The research, published in NeuroImage: Clinical, shows that the AI tool can analyse scans in just three seconds – compared with the typical five minutes needed by experienced neuroradiologists – and could be used to more accurately predict an individual patient's treatment outcome than with a doctor alone.
In a large group of 1,172 patients, the UCL Queen Square Institute of Neurology and UCLH team also showed the tool is accurate across patients of all ages and sexes.
Additionally, a workforce analysis forecast that if deployed nationally, it could save more than £1.5m in NHS costs within the next three years.
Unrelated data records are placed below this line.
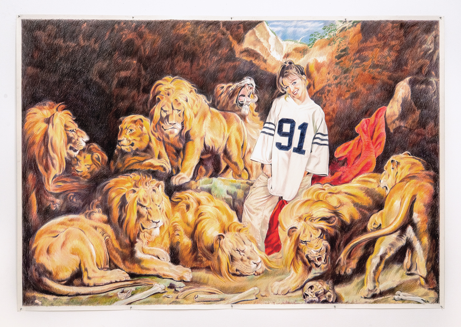 Britney in the Lion's Den, 2023, Colored pencil on paper, 66.5 x 96.5 inches, 169 x 245 cm.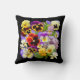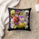 Estas bonito pansias coloridas destacam-se contra o fundo preto para criar um Travesseiro decorativo floral espantoso, que os amantes das flores certamente apreciarão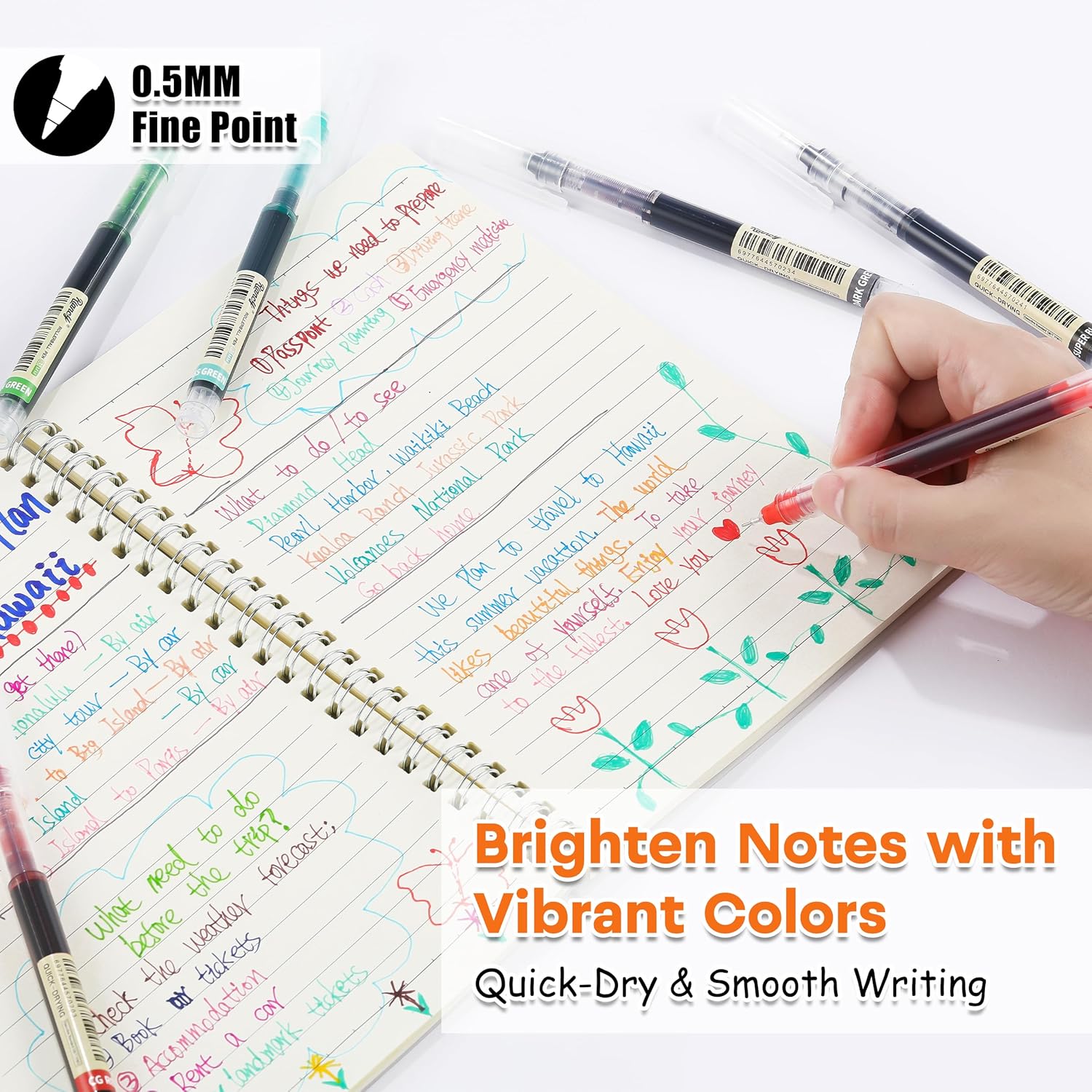 - SUPER QUICK DRYING : with precision tip and smooth writing ink and will not leak ink, the rollerball multicolored ink dries quickly that help you keep work neat, colored pens for journaling, color pens for note taking.

Lead author, Dr James Ruffle from UCL Queen Square Institute of Neurology, said: 'Given that the imaging appearances of an individual's brain tumour vary greatly from one patient to another, artificial intelligence technologies provide an innovative solution to enhance healthcare workers' data-driven decision making, improving and personalising care for each individual affected, and at near-zero additional cost to the NHS – and with savings to the NHS over the medium term.'
Senior author, Dr Harpreet Hyare, lead teenage and young adult neuroradiologist at UCLH, added: ‘By providing objective quantitative assessments of different brain tumour components that can be monitored over time, we can enable clinicians to plan treatment more effectively at critical time points.'
The AI-based imaging tool is one of several the team are currently developing specifically for neuro-oncology applications that they hope to bring into the clinical arena in the near future.
The research was funded by the Medical Research Council, the Wellcome Trust, the NIHR UCLH Biomedical Research Centre, with the translational network being funded by The National Brain Appeal.